TikTok originally launched in China in 2016, as Douyin. It was acquired by artificial intelligence company, ByteDance, and launched internationally the following year. TikTok has been sparing on the data it releases; however, we know its popularity is growing quickly. Research suggests that, as of this year, the number of downloads has easily surpassed 1 billion. Even without a definitive measure, we can observe TikTok’s influence mounting. Not since Snapchat launched has an app captured so much curiosity.

So what is it? TikTok is an app for creating and sharing short videos. As TikTok describes, ‘it enables everyone to be a creator’. The app not only offers a large range of tools for making videos, such as filters and audio samples, it gives users prompts as to what kinds of videos to create. TikTok answers the question of what to post, with circulating challenges such as dares or specific dance routines and encourages users to interact with each other via ‘response’ videos. Hashtags play an important organisational role in this.
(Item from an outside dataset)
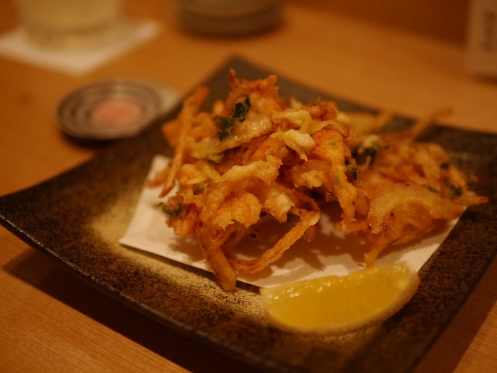 桜えびと三つ葉のかき揚げ 580円 春らしい天ぷらです。以前天ぷらをいただいて美味しかったことを思い出しました。さくっとしたおいしさが北斗随想にぴったりで、飲んでしまいました。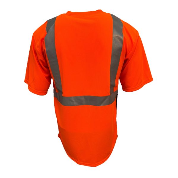Wickmaster™ PRO Class 2 High Visibility Orange T-Shirt with Max-Dri™ Moisture Wicking Mesh. The 2012B short sleeve hi-vis shirt is made with an arid birdseye mesh allowing for maximum breathability, without compromising durability. The stripes are adhered by heat transfer rather than sewn on, making the safety t-shirt wear much more like a regular t-shirt. The wicking properties improve hot weather comfort making it feel much cooler. The front pocket does not include reflective material to allow for corporate imprints. Color blocking at the bottom of the t-shirt.

What makes TikTok unique is the algorithmic way it curates your feed, and the social connections that emerge. Users open the app to a page called ‘For You’, where they are presented with a personalised reel full of the videos the app has learned to suggest to them. Rather than focus their energy solely on friends, users are recruited into groups centered around particular challenges or hashtags and bounce around this way. Audiences are more democratically available. The barrier for entry feels less intimidating and feedback is dynamic. As the New York times describes, ‘There is an unmistakable sense that you’re using something that’s expanding in every direction.’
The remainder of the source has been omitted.